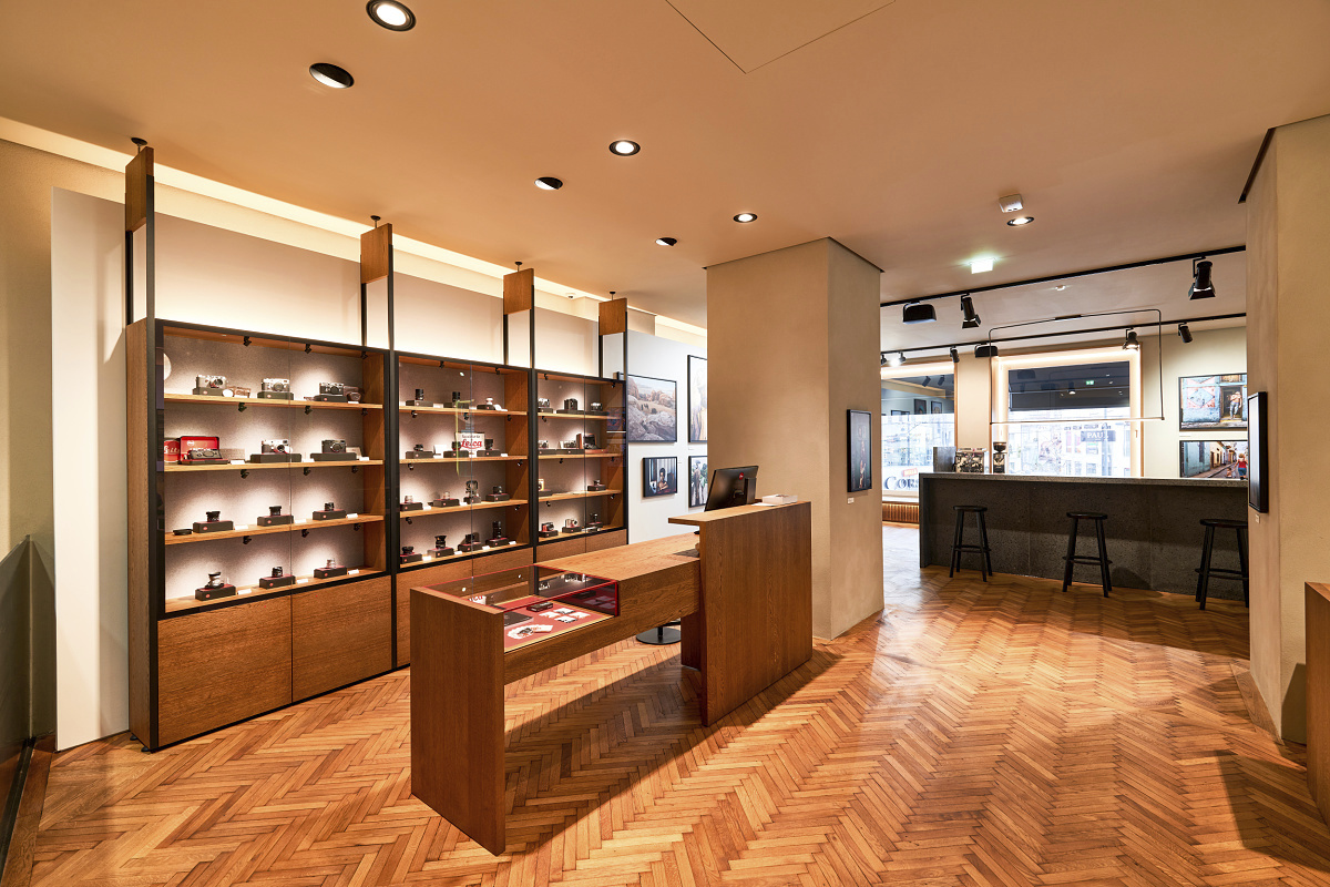 Leica Store Wenen: vitrine met Leica cameras en ERCO verlichting.
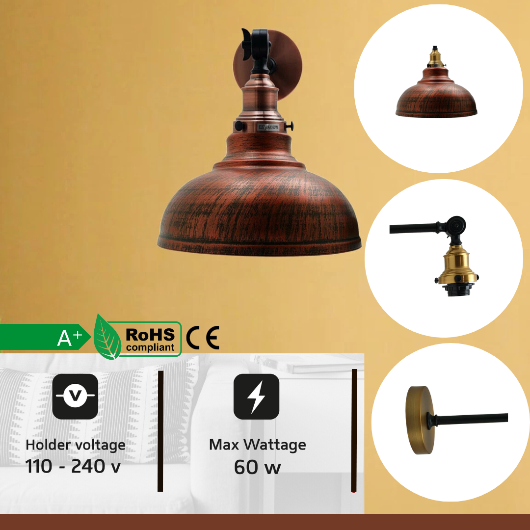 Rustic Red Metal Curvy Brushed Industrial Wall Mounted Wall Lamp Light~3461
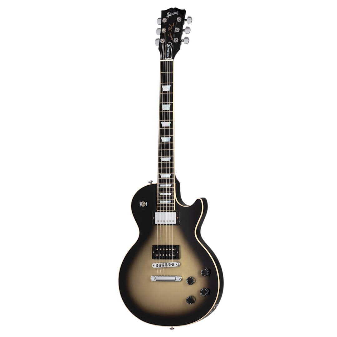 The Gibson LPS7PAJ00-AS L.Paul Std Adam Jones Antique Silverburst, a collaboration with Tool's guitarist Adam Jones, blends classic Les Paul features with modern innovations. The guitar boasts a mahogany body, maple top, and gloss nitrocellulose lacquer finish. Its mahogany neck offers a 70s rounded profile and volute for enhanced comfort. The ebony fingerboard, with a 12-inch radius and mother-of-pearl trapezoid inlays, completes the elegant design.
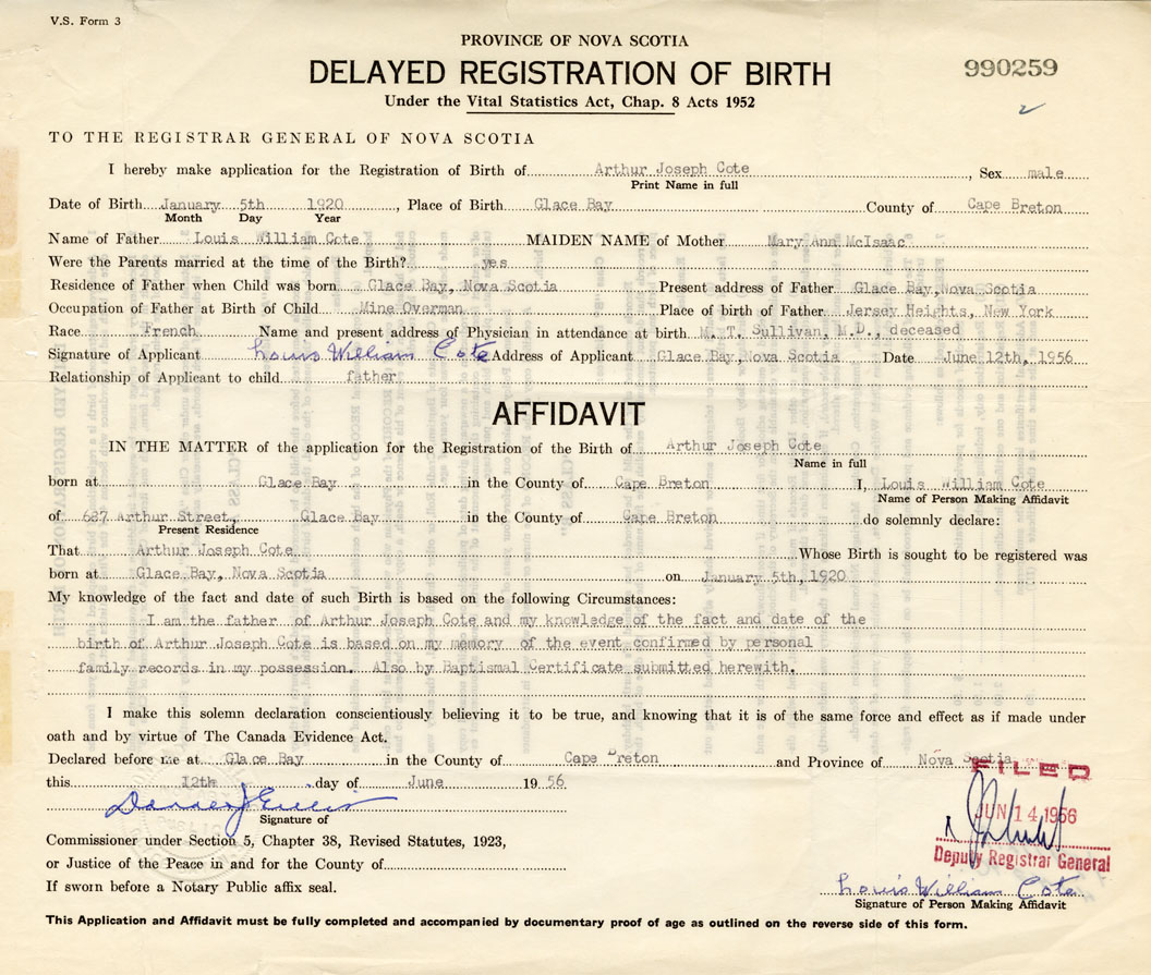 I hereby make application for the Registration of Birth of Arthur JosephCote Sex Male
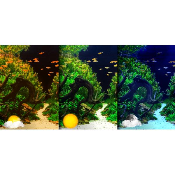 Sinkor Maister kontrolér umožňuje nastavit sílu jednotlivých barev – bílá / červená / modrá / zelená. Tato funkce je velmi důležitá, protože každá rostlina a ryba vynikne pod jinou barvou světla a každému akvaristovi se akvárium líbí pod rozdílnou barevnou kombinací. V kontroléru si dokonce můžete nastavit, aby svítidlo během dne střídalo barevné kombinace, takže například ráno můžete akvárium zabarvit více do teplých/červených barev (východ slunce), přes den budete svítit klasickou bílou denní barvou a v noci nastavíte slabě modrou barvu, která bude simulovat jemný měsíční svit.
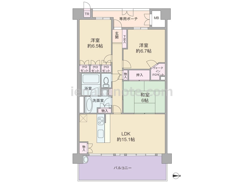 専有面積78.98平米の3LDK。玄関前にはプライベートポーチ付き。LDKは15.1帖、キッチンはカウンタータイプ。主寝室6.7帖にはウォークインクロゼット、ポーチ横にトランクルーム、キッチンや洗面室に物入れ等があり、収納スペースが充実しています。バルコニーは出幅が約2mあり、ガーデニングなども楽しめます。
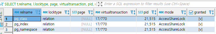 현재 테이블에 lock을 확인 할 수 있다. 기본적으로 대부분의 lock 테이블은 괜찮으나 RowExclusiveLock 이 검색된다면 해당 테이블에 접근이 지연되어 다른 쿼리에도 영향을 미칠 수 있으므로 반드시 잡고있는 트랜잭션이나 서버 상태 등을 점검하여 lock을 해제 해 주는 작업이 필요하다.
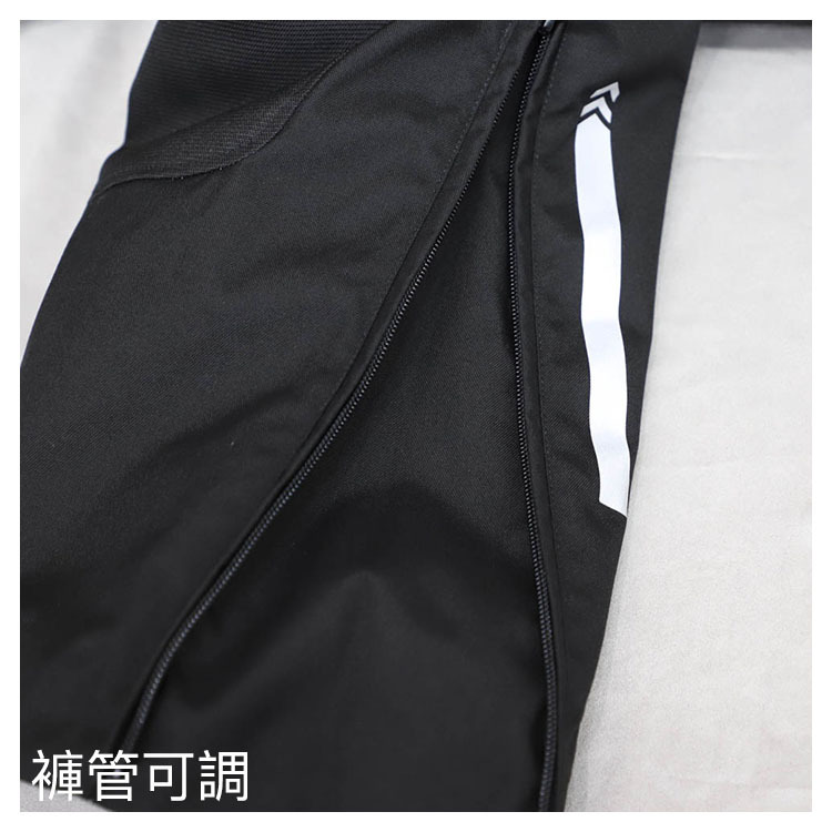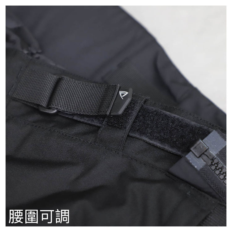 △腿端可通過獨立調節的長拉鍊和尼龍搭扣帶進行可變調節
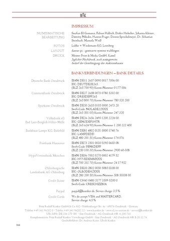 Fritz Rudolf Künker GmbH & Co. KG Nobbenburger Str. 4a 49076 Osnabrück Germany Telefon +49 541 96202 0 Telefax +49 541 96202 22 www.kuenker.de www.eLive-auction.de service@kuenker.de USt.-IdNr. DE 256 270 181 Sitz Osnabrück AG Osnabrück HR A 200 755 Komplementärin: Fritz Rudolf Künker Verwaltungs-GmbH Sitz Osnabrück AG Osnabrück HR B 20 12 74 Geschäftsführer: Dr. Andreas Kaiser, Ulrich Künker 304
##########
_What you should do:_ Your answer is all of the records restated word for word, pictures excluded.

_Solved exercise:_
 Leica Store Wenen: vitrine met Leica cameras en ERCO verlichting.
 Rustic Red Metal Curvy Brushed Industrial Wall Mounted Wall Lamp Light~3461
 The Gibson LPS7PAJ00-AS L.Paul Std Adam Jones Antique Silverburst, a collaboration with Tool's guitarist Adam Jones, blends classic Les Paul features with modern innovations. The guitar boasts a mahogany body, maple top, and gloss nitrocellulose lacquer finish. Its mahogany neck offers a 70s rounded profile and volute for enhanced comfort. The ebony fingerboard, with a 12-inch radius and mother-of-pearl trapezoid inlays, completes the elegant design.
 I hereby make application for the Registration of Birth of Arthur JosephCote Sex Male
 Sinkor Maister kontrolér umožňuje nastavit sílu jednotlivých barev – bílá / červená / modrá / zelená. Tato funkce je velmi důležitá, protože každá rostlina a ryba vynikne pod jinou barvou světla a každému akvaristovi se akvárium líbí pod rozdílnou barevnou kombinací. V kontroléru si dokonce můžete nastavit, aby svítidlo během dne střídalo barevné kombinace, takže například ráno můžete akvárium zabarvit více do teplých/červených barev (východ slunce), přes den budete svítit klasickou bílou denní barvou a v noci nastavíte slabě modrou barvu, která bude simulovat jemný měsíční svit.
 専有面積78.98平米の3LDK。玄関前にはプライベートポーチ付き。LDKは15.1帖、キッチンはカウンタータイプ。主寝室6.7帖にはウォークインクロゼット、ポーチ横にトランクルーム、キッチンや洗面室に物入れ等があり、収納スペースが充実しています。バルコニーは出幅が約2mあり、ガーデニングなども楽しめます。
 현재 테이블에 lock을 확인 할 수 있다. 기본적으로 대부분의 lock 테이블은 괜찮으나 RowExclusiveLock 이 검색된다면 해당 테이블에 접근이 지연되어 다른 쿼리에도 영향을 미칠 수 있으므로 반드시 잡고있는 트랜잭션이나 서버 상태 등을 점검하여 lock을 해제 해 주는 작업이 필요하다.
 △腿端可通過獨立調節的長拉鍊和尼龍搭扣帶進行可變調節
 Fritz Rudolf Künker GmbH & Co. KG Nobbenburger Str. 4a 49076 Osnabrück Germany Telefon +49 541 96202 0 Telefax +49 541 96202 22 www.kuenker.de www.eLive-auction.de service@kuenker.de USt.-IdNr. DE 256 270 181 Sitz Osnabrück AG Osnabrück HR A 200 755 Komplementärin: Fritz Rudolf Künker Verwaltungs-GmbH Sitz Osnabrück AG Osnabrück HR B 20 12 74 Geschäftsführer: Dr. Andreas Kaiser, Ulrich Künker 304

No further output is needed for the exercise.